Copacabana
Cinema Nova, 05/01/2011
Movie #2 for 2011
Who’d’ve thought that a character study of an endearing, charming, but flawed person turns out to be a endearing, charming, but flawed film? So much of the film revolves around Babou (ISABELLE HUPPERT, The Piano Teacher, I Heart Huckabees), that so much of its success depends on her too.
Babou is separate from the mainstream, a grown-up hippie who still behaves a bit like a teenager. She shuns conservativism and materialism and is interested in people who do the same. Sadly, this doesn’t include her daughter Esmerelda (LOLITA CHAMMAH, Huppert’s real-life daughter) who is deeply resentful of her fractured, drifting childhood and who is rebelling by marrying her tie-wearing boyfriend.
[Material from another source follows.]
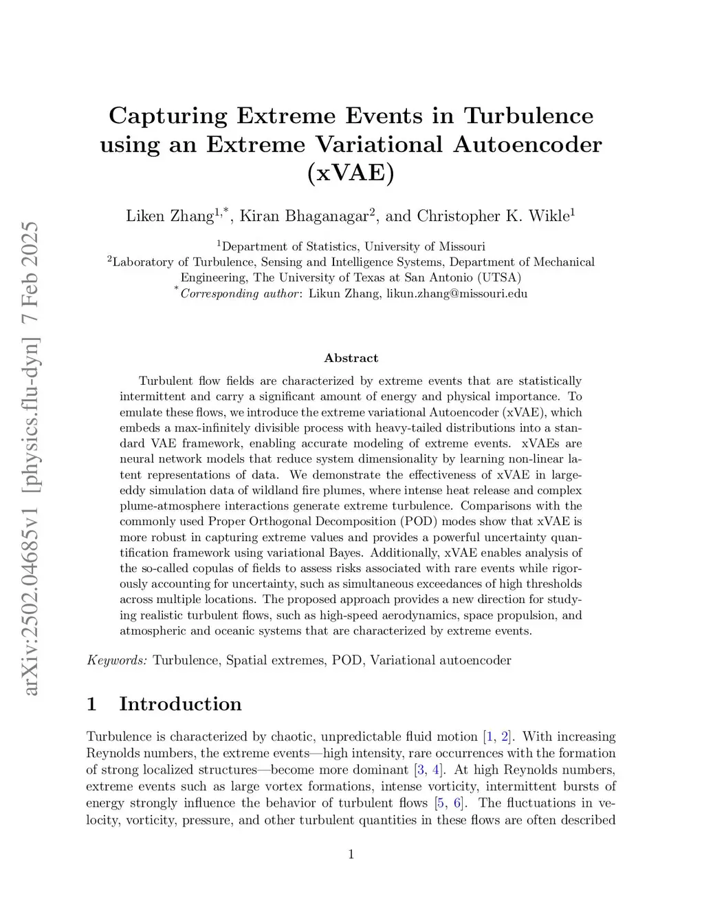 Turbulent flow fields are characterized by extreme events that are statistically intermittent and carry a significant amount of energy and physical importance. To emulate these flows, we introduce the extreme variational Autoencoder (xVAE), which embeds a max-infinitely divisible process with heavy-tailed distributions into a standard VAE framework, enabling accurate modeling of extreme events. xVAEs are neural network models that reduce system dimensionality by learning non-linear latent representations of data. We demonstrate the effectiveness of xVAE in large-eddy simulation data of wildland fire plumes, where intense heat release and complex plume-atmosphere interactions generate extreme turbulence. Comparisons with the commonly used Proper Orthogonal Decomposition (POD) modes show that xVAE is more robust in capturing extreme values and provides a powerful uncertainty quantification framework using variational Bayes. Additionally, xVAE enables analysis of the so-called copulas of fields to assess risks associated with rare events while rigorously accounting for uncertainty, such as simultaneous exceedances of high thresholds across multiple locations. The proposed approach provides a new direction for studying realistic turbulent flows, such as high-speed aerodynamics, space propulsion, and atmospheric and oceanic systems that are characterized by extreme events.
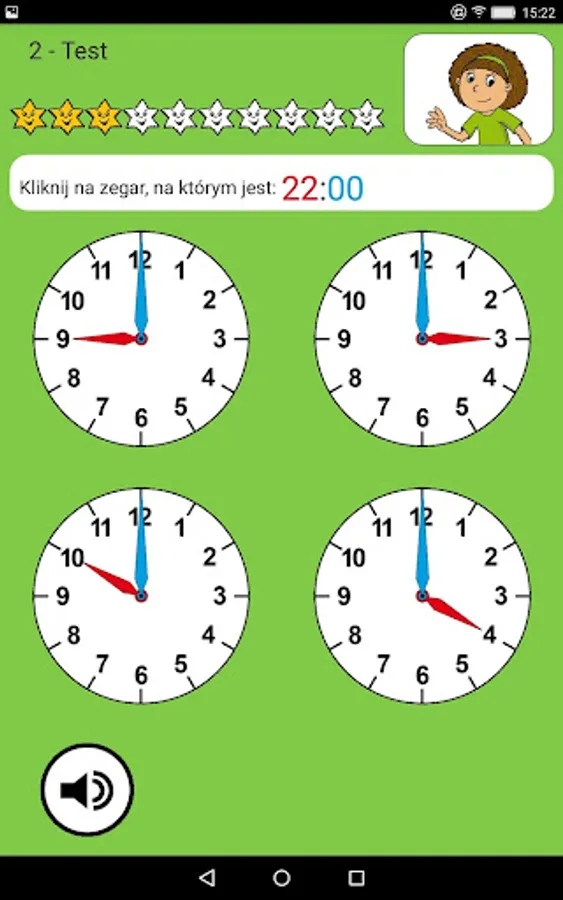 - 4 dials will appear and the task is to indicate the clock, which shows e.g. 11:45.

After a serious, rift-making fight, Babou moves to Ostend, the poor-weather beachside resort town in Belgium to prove to Esme that she can find – and keep – a job, selling time-share apartments to English tourists. Turns out that she excels at it. She befriends a range of locals but still remains isolated – she almost seems to inhabit another, parallel world – but she does so with a kind of charming serenity.
Although there are a few laughs, the film – like Babou – is more gentle than that, a deep smile instead. Endearing, but flawed.